Puis surgissent à leurs côtés des hommes de science laïcs : mais, au moins jusqu’en 1900, très largement chrétiens. Rappelons que c’est par ses qualités d’astronome que Matteo Ricci se fit accepter parmi les mandarins à la Cour de Pékin. Rappelons que l’Église, ne jouissant pourtant plus des États pontificaux, continue d’entretenir une Académie Pontificale des Sciences qui est, au monde, celle qui comporte le plus grand nombre de prix Nobel.

Certes, la majorité des membres y sont aujourd’hui des incroyants, mais ce fait déplorable n’en démontre que mieux la considération pour la science elle-même des Papes qui se sont succédés depuis Pie IX12. Une question demeure toutefois : cette science contemporaine, désormais portée par des esprits religieusement souvent incultes, parfois mus par des considérations de vanité et d’influence, dépendant pour leurs recherches de financiers intéressés, cette science donc continue-t-elle d’apporter les mêmes fruits libérateurs au service des humbles ?


1 Une version abrégée de cet article a été publiée dans la revue Civitas n°66, décembre 2017.

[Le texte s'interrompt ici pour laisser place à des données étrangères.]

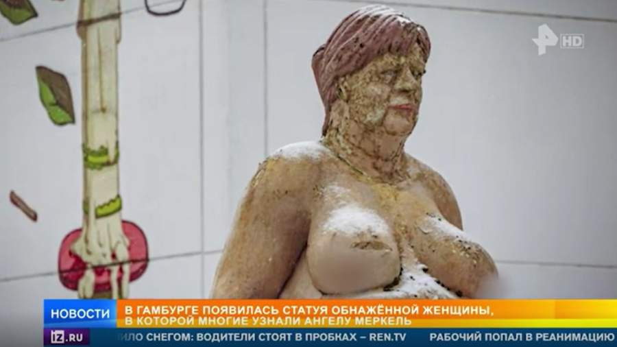 Статуя похожей на Меркель голой женщины в Гамбурге
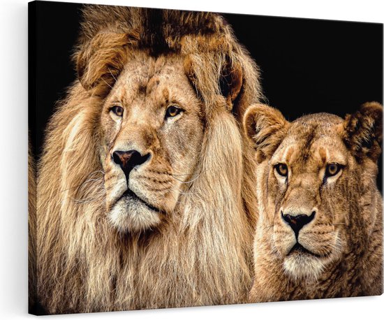 Artaza - Peinture sur Toile - Lion et Lionne - Couple Amoureux - 120x80 - Groot - Tableau sur Toile - Impression sur Toile
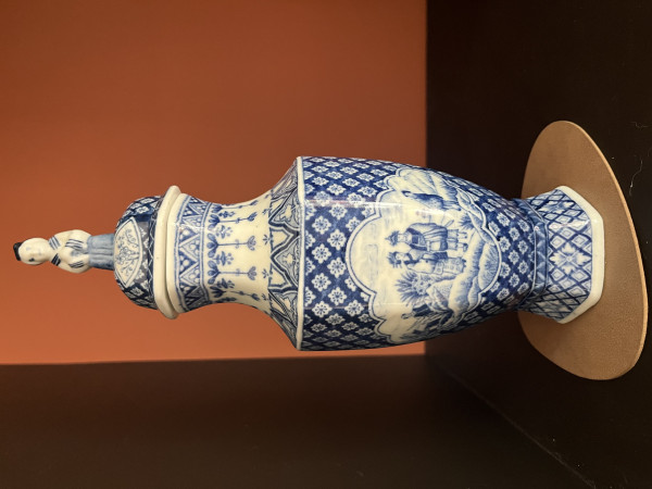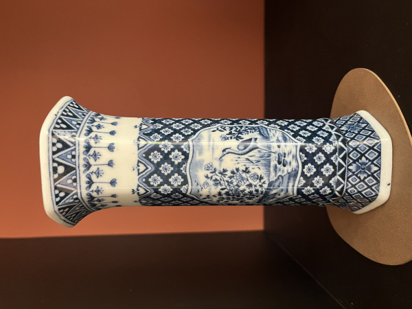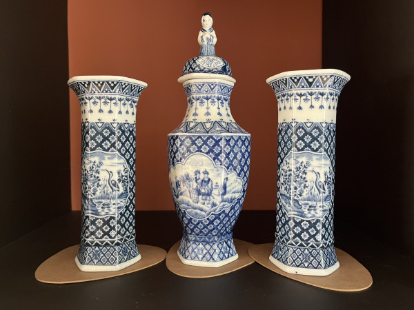 3 zeskantige decoratieve blauw-witte vazen met decoratie van landschap, vogels en figuren

2 C’est-à-dire à un savant, dans le langage de l’époque.

3 Sa fille était religieuse. C’est d’ailleurs elle qui fut chargée d’exécuter l’effroyable peine à laquelle il avait été condamné : lire une fois par semaine les sept Psaumes de la pénitence !

4 C’est ce que le célèbre paléontologiste américain Stephen Jay Gould a théorisé en 1997 comme constituant le « principe des NOMA », de l’anglais « Non Overlapping Magisteria » : « pas de recouvrement entre le magistère de la science et le magistère de la religion. »

5 J. NEEDHAM, La Science chinoise et l’Occident. Misères et succès de la tradition scientifique chinoise, Paris, Seuil, 1973, p. 37.

6 Cité par A. KŒSTLER, Les Somnambules. Essai sur l’histoire des conceptions de l’univers, Paris, Calmann-Lévy, 1960, cité dans la rééd. 1985, p. 276.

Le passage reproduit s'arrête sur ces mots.